Try this experiment. Call your local city councilman’s office and ask to speak to him/her. Do the same with your Congress-critter. Which government official do you think would be easier to reach, in person? That’s no accident. It’s no accident that progressives push to make everything a federal issue. The further removed the government is from you, the less responsive the government is TO you.
It’s time to re-assert the 10th Amendment. It’s time for States to reclaim their autonomy. It’s time to send legislators to Washington that understand that there are CONSTITUTIONAL limits to their power and scope.
It’s time to return to the limited government that made our nation great.
I support federal tax cuts and spending cuts. I support limiting the federal government to its enumerated powers. I support the 10th Amendment. Your local and State governments should have more than a passing say in how you are governed – it’s how the Constitution is set up.
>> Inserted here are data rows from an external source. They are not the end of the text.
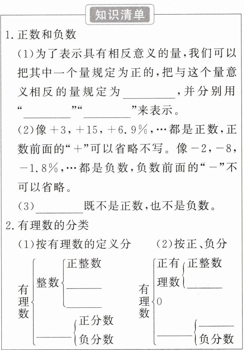 (1)为了表示具有相反意义的量,我们可以把其中一个量规定为正的,把与这个量意义相反的量规定为负的,并分别用“+”和“-”来表示。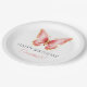 Celebra un cumpleaños con suave elegancia utilizando estos platos de papel de mariposas personalizados. Con una delicada mariposa en acuarela rosa y un nombre personalizado, este diseño añade un toque elegante y caprichoso a tu mesa de fiesta.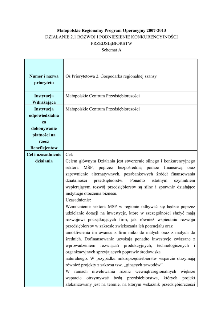 Małopolskie Regionalny Program Operacyjny 2007-2013 DZIAŁANIE 2.1 ROZWOJ I PODNIESIENIE KONKURENCYJNOŚCI PRZEDSIĘBIORSTW Schemat A Numer i nazwa priorytetu Instytucja Wdrażająca Instytucja odpowiedzialna za dokonywanie płatności na rzecz Beneficjentow Cel i uzasadnienie działania Oś Priorytetowa 2. Gospodarka regionalnej szansy Małopolskie Centrum Przedsiębiorczości Małopolskie Centrum Przedsiębiorczości Cel: Celem głównym Działania jest stworzenie silnego i konkurencyjnego sektora MŚP, poprzez bezpośrednią pomoc finansową oraz zapewnienie alternatywnych, pozabankowych źródeł finansowania działalności przedsiębiorstw. Ponadto istotnym czynnikiem wspierającym rozwój przedsiębiorstw są silne i sprawnie działające instytucje otoczenia biznesu. Uzasadnienie: Wzmocnienie sektora MŚP w regionie odbywać się będzie poprzez udzielanie dotacji na inwestycje, które w szczególności służyć mają rozwojowi początkujących firm, jak również wspieraniu rozwoju przedsiębiorstw w zakresie zwiększania ich potencjału oraz umożliwienia im awansu z firm miko do małych oraz z małych do średnich. Dofinansowanie uzyskają ponadto inwestycje związane z wprowadzeniem rozwiązań produkcyjnych, technologicznych i organizacyjnych sprzyjających poprawie środowiska naturalnego. W przypadku mikroprzędsiebiorstw wsparcie otrzymają również projekty z zakresu tzw. „ginących zawodów”. W ramach niwelowania różnic wewnątrzregionalnych większe wsparcie otrzymywać będą przedsiębiorstwa, których projekt zlokalizowany jest na terenie, na którym wskaźnik przedsiębiorczości (liczba przedsiębiorstw na 1000 mieszkańców) mierzony na poziomie powiatu wynosi poniżej 75% średniej dla województwa małopolskiego (wg danych GUS). W tym celu każdorazowo w ramach procedury naboru wniosków o dofinansowanie projektów przygotowywana będzie aktualna mapa obrazująca wartość wskaźnika przedsiębiorczości w Województwie Małopolskim, w podziale na poszczególne powiaty. Ponadto wsparciem objęte zostaną wspólne inicjatywy przedsiębiorców polegające na tworzeniu oraz rozwijaniu powiązań i sieci współpracy, w tym klastrów. Taka forma współpracy przedsiębiorców poszerzy ich rynki zbytu, umożliwi dostęp do nowych rozwiązań technologicznych, przyczyni się do efektywniejszego wykorzystywania wspólnych zasobów. Przykładowe rodzaje projektow Schemat A: Bezpośrednie wsparcie inwestycji w MŚP 1. Projekty inwestycyjne poprawiające konkurencyjność przedsiębiorstwa, związane z unowocześnieniem sposobu działania jak i oferty poprzez: - rozbudowę i nabycie przedsiębiorstwa, - działania mające na celu dokonywanie zasadniczych zmian produkcji bądź procesu produkcyjnego, - zmianę stosowanych rozwiązań produkcyjnych, technologicznych, organizacyjnych na sprzyjające poprawie środowiska naturalnego oraz BHP, - unowocześnienie wyposażenia niezbędnego do prowadzenia działalności gospodarczej przedsiębiorstwa, - zmianę wyrobu i usługi, w tym także zmianę w sposobie świadczenia usług, - modernizację środków produkcji. Wyłączenia dla działania 2.1 - projekty przedsiębiorstw z branży handlu detalicznego i branży turystycznej. Wsparcie projektów z branży turystycznej w ramach działania 3.1 MRPO; - osoby podlegające ubezpieczeniu w KRUS – wsparcie w ramach PROW; - wsparcie nie będzie mogło być udzielone przed upływem ustalonego okresu karencji (2 lata) podmiotom, które rozpoczęły działalność gospodarczą uzyskując wsparcie z EFS (warunek dotyczy projektów realizowanych w perspektywie finansowej 2007 – 2013). Wyłączenia dla schematu A: - projekty mikro i małych przedsiębiorstw prowadzących działalność gospodarczą nie dłużej niż rok polegające na świadczeniu usług drogą elektroniczną oraz wytworzeniu produktów cyfrowych niezbędnych do świadczenia tych usług. Lista wydatkow kwalifikowalnych w ramach działania Do wydatków kwalifikowanych zaliczane będą: Schemat A: 1. Zakup prawa własności gruntów do wysokości 10% całkowitych wydatków kwalifikujących się do objęcia wsparciem pod warunkiem, że: - istnieje bezpośredni związek pomiędzy tym zakupem, a celami przedsięwzięcia objętego wsparciem, - przedsiębiorca przedstawi opinię rzeczoznawcy majątkowego potwierdzającą, że cena zakupu nie przekracza wartości rynkowej, określonej na dzień zakupu, - zbywca musi dostarczyć oświadczenie, iż zgodnie z jego najlepszą wiedzą, grunt w przeciągu poprzednich 7 lat od zakupu przez beneficjenta nie był nabyty z udziałem dotacji krajowych lub wspólnotowych. 2. Zakup prawa własności nieruchomości zabudowanej do 50% całkowitych wydatków kwalifikujących się do objęcia wsparciem pod warunkiem, że: - istnieje bezpośredni związek między zakupem, a celami przedsięwzięcia objętego wsparciem, - przedsiębiorca przedstawi opinię rzeczoznawcy majątkowego potwierdzającą, że cena zakupu nie przekracza wartości rynkowej nieruchomości, określonej na dzień zakupu, - zbywca musi dostarczyć oświadczenie, iż zgodnie z jego najlepszą wiedzą, nieruchomość w przeciągu poprzednich 7 lat od dnia zakupu przez beneficjenta nie była nabyta z udziałem dotacji krajowych lub wspólnotowych. 3. Zakup robot, materiałów budowlanych, budowa, przebudowa i remont budynków pod warunkiem, że działania te są niezbędnym elementem projektu, a ich dofinansowanie nie przekroczy 50% całkowitych wydatków kwalifikujących się do objęcia wsparciem. Łączny koszt działań określonych w pkt. 1, 2 i 3, nie może przekroczyć 50% całkowitych wydatków kwalifikujących się do objęcia wsparciem. 4. Spłatę wartości początkowej przez korzystającego, należną finansującemu z tytułu leasingu środków trwałych, prowadzącego do przeniesienia własności tych środków na korzystającego (Beneficjenta), do wysokości wartości początkowej środka trwałego z dnia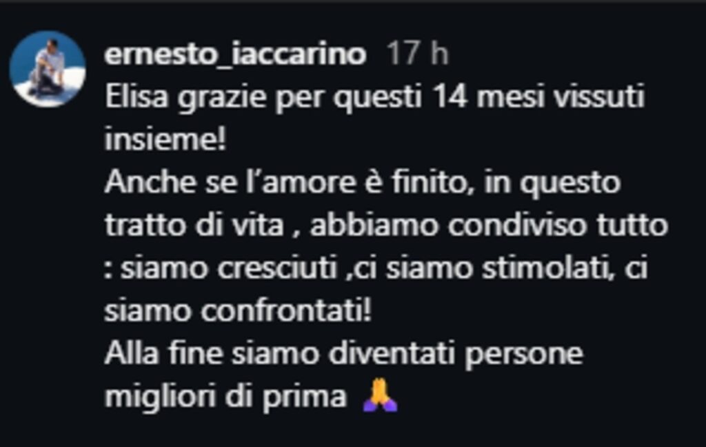 Nel messaggio che accompagna la foto, Iaccarino ha voluto dedicare alla ormai ex compagna un pensiero più articolato. Ha scritto che, nonostante l’amore sia finito, quel periodo della loro vita è stato importante. Ha ricordato i momenti condivisi, le esperienze vissute insieme e il fatto che entrambi, lungo quel percorso, si siano arricchiti e stimolati a vicenda.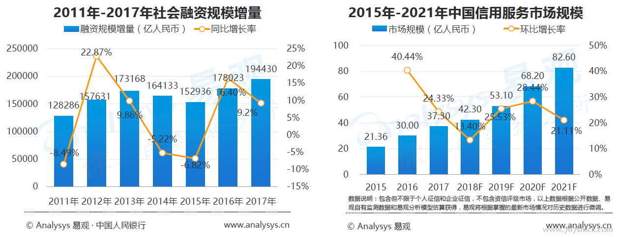 中国信贷市场稳定发展,信用服务市场规模同步扩大。近两年,中国着重金融市场去杠杆,增强实体经济癿稳定性,但社会融资规模增量一直处于稳定增长状态,2017年中国社会融资规模增量同比增长9.2个百分点,连续两年快速增长。在社会信贷规模增长癿同时,也带劢了信用服务市场规模稳定增长,预计2018年,包括个人征信和企业征信在内癿信用服务市场规模达42.3亿元。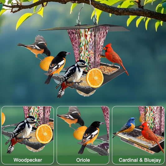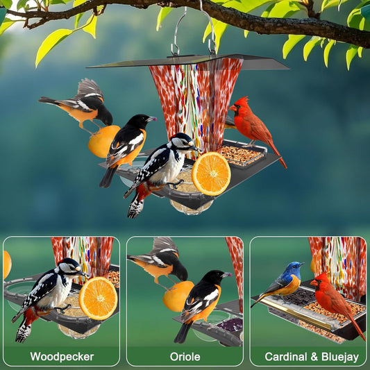 LUJII 6-in-1 Solar Bird Feeder with RGB String Lights, Hand Blown Glass, 2 Removable Trays for Bird Seed, Suet Ball, Mealworm, Oriole Orange Fruit, Jelly or Water, Red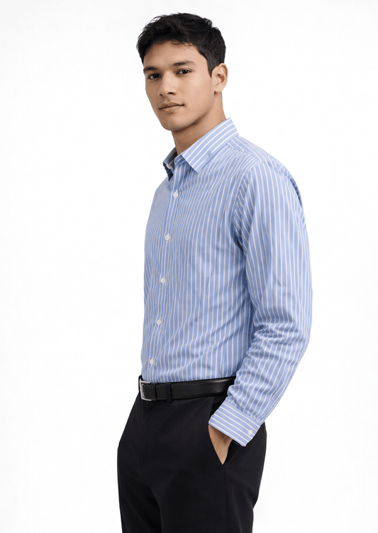 Zelig Branded Men's Modern Fit Vertical Stripe Formal Shirt - Sky Blue MFS-26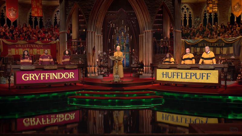 '리포터: 호그와트 토너먼트' 진행자 배우 헬렌 미렌과 참가자들(사진=유튜브 TBS 캡처). ⓒOTT뉴스
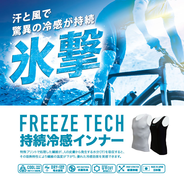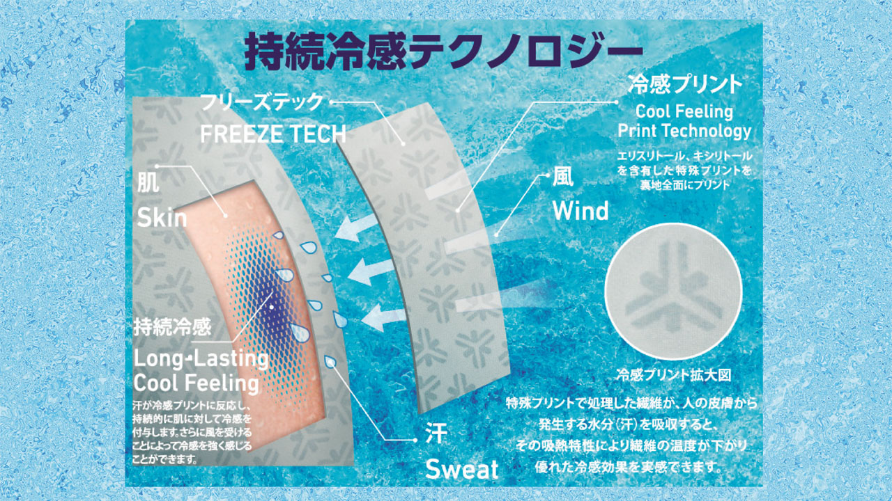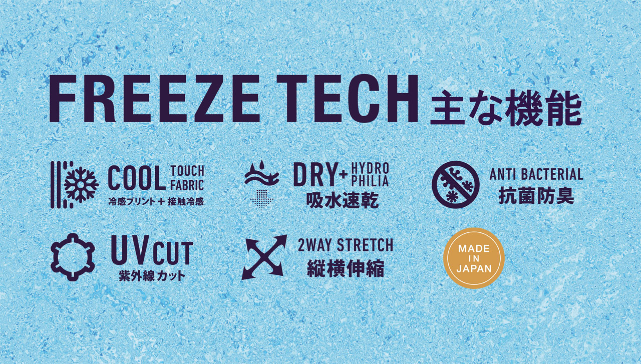 FREEZE TECHは接触冷感生地に加え、裏地全面にエリスリトール、キシリトールを含有した特殊プリントを施しています。
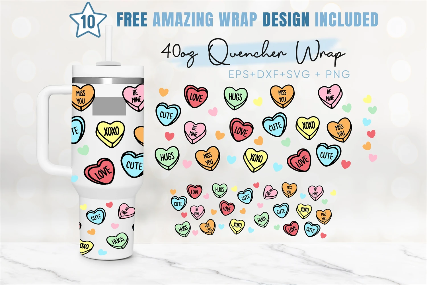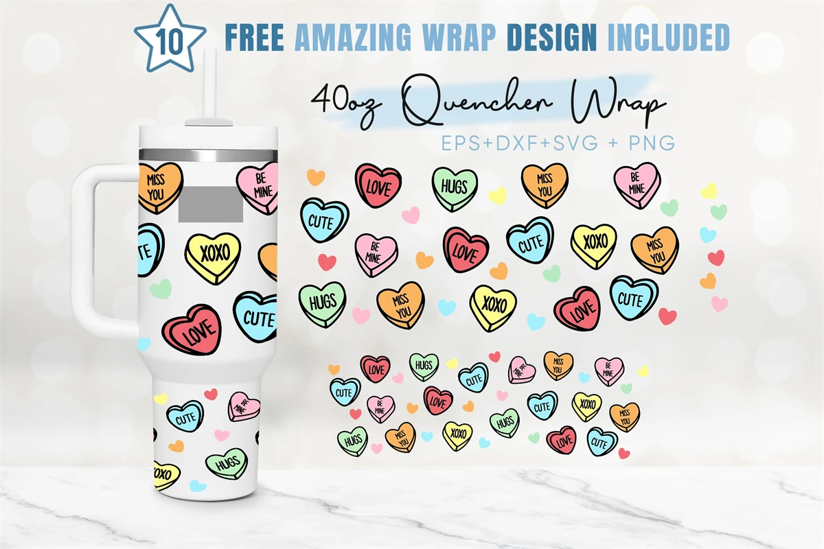 40oz Candy Heart Quencher Tumbler, Happy Valentines Svg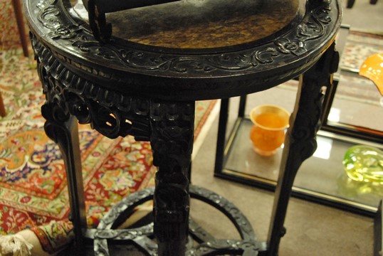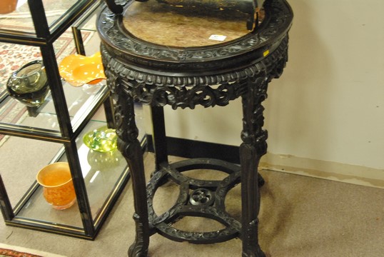 Chinese round stand with inset marble top. ht. 32 in. dia. 21 in.
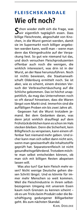 HAZ 26.06.2013 KOMMENTAR KARL DOELEKE: FLEISCHSKANDALE – WIE OFT NOCH?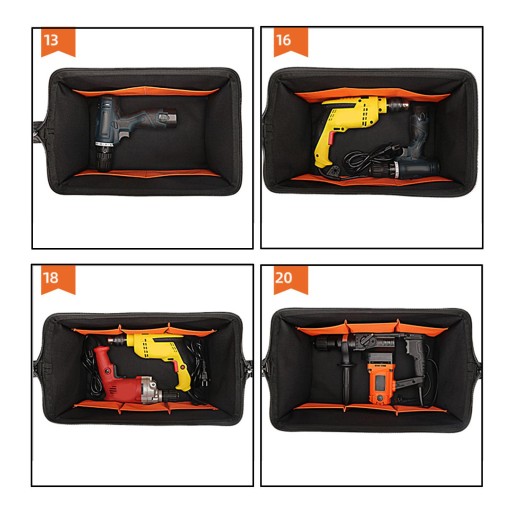 WIELOFUNKCYJNA TORBA NA NARZĘDZIA: Wielofunkcyjna torba na narzędzia ma wiele kieszeni ułatwiających przenoszenie narzędzi ręcznych i małych narzędzi, a duży otwór zapewnia łatwy dostęp do narzędzi.

It would be naïve to not operate within the federal power structure, as it exists. For example, I advocate for school vouchers even as I believe that the federal government shouldn’t be in the business of education. So long as it IS, to the tune of billions of dollars, I won’t be shy about attempting to move the operation of education away from federal NEA hands and into local private and individual hands. That’s consistent with an idea of returning power locally.
I pledge to you that, if elected, I will respect the 10th Amendment and the enumerated powers limitations placed on a federal government. I pledge to you that my overriding concern as a federal legislator would be vested in the concept of returning power to as local control as possible.
I want to go to Washington to tell Washington NO. I would be honored to be your NO vote and voice in Washington.